Step 4 - Really load the data
Okay cool, data looks ok, there are tonnes of missing data, but thats cool, not everything in this world is perfect, but looked like I was ready to rock. I needed to use the REST API to upload all the little chunks because I wasn’t about to click 69 times on that stupid little screen (seriously, the shift click thing doesn’t work, there is an honest-to-god limit of a single file you can upload to that interface).
I knew I had a index from the previous step and I wanted all the rest of the parts to be indexed using that, so I knew there was some tool out there that could help me do that without fudging around writing my own script. I settled on elasticsearch-loader (a python lib that you can install through pip) because it was the first one I found and it worked. That is a good a reason as any.
So I made another little bash script to increment through all the parts, throwing the part at elasticsearch_loader, with the index and the delimiter and I was done with the upload. Very simple!
for idx in 1 2 3
do
for file in part_${idx}/*
do
echo "Uploading: ${file}"
elasticsearch_loader --index facebook_uk_breach csv ${file} --delimiter ":"
done
done
Step 5 - Investigate
So now I had my data, I wanted to have a peek at all my friends names to let them know if they had been affected. A few had been. :(. I am sure they will enjoy the countless spam they will receive in the years to come.
So the way I did this was by using the “Discover” feature in Kibana. This lets me create queries using KQL a weird language that sort of looks like SQL. By creating a query like firstname:"Adam" AND lastname:"Fallon"
Elasticsearch quickly races through the data in ways you can’t even fathom and returns a result in milliseconds.
Like a slightly nerdier Google I made over this data, I was sitting thinking things to type into this search box. I was able to filter using the fields, i.e works_at:'Github' and location_one:'London'
Some results;
- (*) - A star in Elasticsearch shows every result -
10,620,521 hits
(The dump I had was a subset) - Rows who have put their workplace as “MI6” -
136 hits
- Rows where they hometown matches my hometown -
721 hits
- Rows where the members work at the Conservative Party -
82 Hits
- Rows where the name matched an old school friend who I hadn’t talked to in a while -
1 Hit
, the number was correct.
Most common jobs;
Most common location and relationship status;
Step 6 - Mapping regions where users were affected
This didn’t work very well. The data in the breach had two address fields, and they seem to be allowed free-text entry here. I tried to use Elasticsearches in-built mapping data to join on the location fields by their full name, but as you can see it didn’t work very well.
- Add a layer to a map;
- Create the layer;
- Modify the layer;
- Add ISO-3166-2 Code;
- The final mapped data;
Conclusion
So there you have it - a better way to search over this huge data breach, with the ability to generate complex queries, and have results from millions of rows back in milliseconds.
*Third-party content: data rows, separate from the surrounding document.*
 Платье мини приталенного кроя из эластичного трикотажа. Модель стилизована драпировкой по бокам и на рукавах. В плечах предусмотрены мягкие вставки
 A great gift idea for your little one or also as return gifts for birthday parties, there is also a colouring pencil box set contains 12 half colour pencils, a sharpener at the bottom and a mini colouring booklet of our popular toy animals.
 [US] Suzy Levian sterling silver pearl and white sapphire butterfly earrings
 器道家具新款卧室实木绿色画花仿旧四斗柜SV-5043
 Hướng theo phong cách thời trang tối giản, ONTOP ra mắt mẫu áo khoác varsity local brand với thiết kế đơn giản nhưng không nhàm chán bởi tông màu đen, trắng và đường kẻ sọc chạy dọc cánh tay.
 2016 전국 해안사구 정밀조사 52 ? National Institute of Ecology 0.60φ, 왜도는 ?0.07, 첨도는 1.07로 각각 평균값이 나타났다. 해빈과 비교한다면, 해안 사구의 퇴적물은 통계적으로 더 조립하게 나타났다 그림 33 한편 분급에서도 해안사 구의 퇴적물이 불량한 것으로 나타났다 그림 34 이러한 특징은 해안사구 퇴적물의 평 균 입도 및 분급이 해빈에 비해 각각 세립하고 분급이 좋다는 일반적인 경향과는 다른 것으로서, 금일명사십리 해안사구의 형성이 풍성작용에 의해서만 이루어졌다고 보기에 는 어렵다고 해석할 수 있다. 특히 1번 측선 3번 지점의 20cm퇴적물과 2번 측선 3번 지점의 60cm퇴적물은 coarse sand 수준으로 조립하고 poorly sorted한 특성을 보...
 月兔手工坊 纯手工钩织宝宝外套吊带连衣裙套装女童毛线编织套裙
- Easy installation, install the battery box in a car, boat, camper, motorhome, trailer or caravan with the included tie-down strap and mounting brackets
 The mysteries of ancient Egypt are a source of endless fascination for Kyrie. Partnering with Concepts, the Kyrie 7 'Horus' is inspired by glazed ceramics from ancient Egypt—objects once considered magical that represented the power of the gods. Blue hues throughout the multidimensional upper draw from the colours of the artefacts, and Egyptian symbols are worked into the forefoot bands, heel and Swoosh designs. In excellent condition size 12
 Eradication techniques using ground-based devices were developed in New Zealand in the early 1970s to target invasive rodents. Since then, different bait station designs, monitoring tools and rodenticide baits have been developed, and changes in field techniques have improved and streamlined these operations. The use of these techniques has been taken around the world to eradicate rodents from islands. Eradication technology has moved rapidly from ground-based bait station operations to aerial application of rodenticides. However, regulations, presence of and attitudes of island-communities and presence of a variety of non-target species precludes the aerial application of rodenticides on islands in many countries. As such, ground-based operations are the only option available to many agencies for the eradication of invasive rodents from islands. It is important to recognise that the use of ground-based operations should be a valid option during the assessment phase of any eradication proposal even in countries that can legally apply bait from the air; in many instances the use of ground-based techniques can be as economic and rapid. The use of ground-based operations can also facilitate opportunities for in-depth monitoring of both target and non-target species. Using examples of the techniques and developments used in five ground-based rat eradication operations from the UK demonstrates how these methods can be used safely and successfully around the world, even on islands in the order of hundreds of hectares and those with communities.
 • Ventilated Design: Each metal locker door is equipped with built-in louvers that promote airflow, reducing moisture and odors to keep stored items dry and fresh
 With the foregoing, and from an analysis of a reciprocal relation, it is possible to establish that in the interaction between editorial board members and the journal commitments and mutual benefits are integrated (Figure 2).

This data breach is really not good news. Phone numbers should be private, because for some reason, we treat them as a security token.
To have 500m of them floating around in an easily accessible text file is a gigantic pain in the ass for many people. You can’t easily change your phone number without a lot of trouble, which makes it especially bad. For the people who have been affected by this I am truly sorry.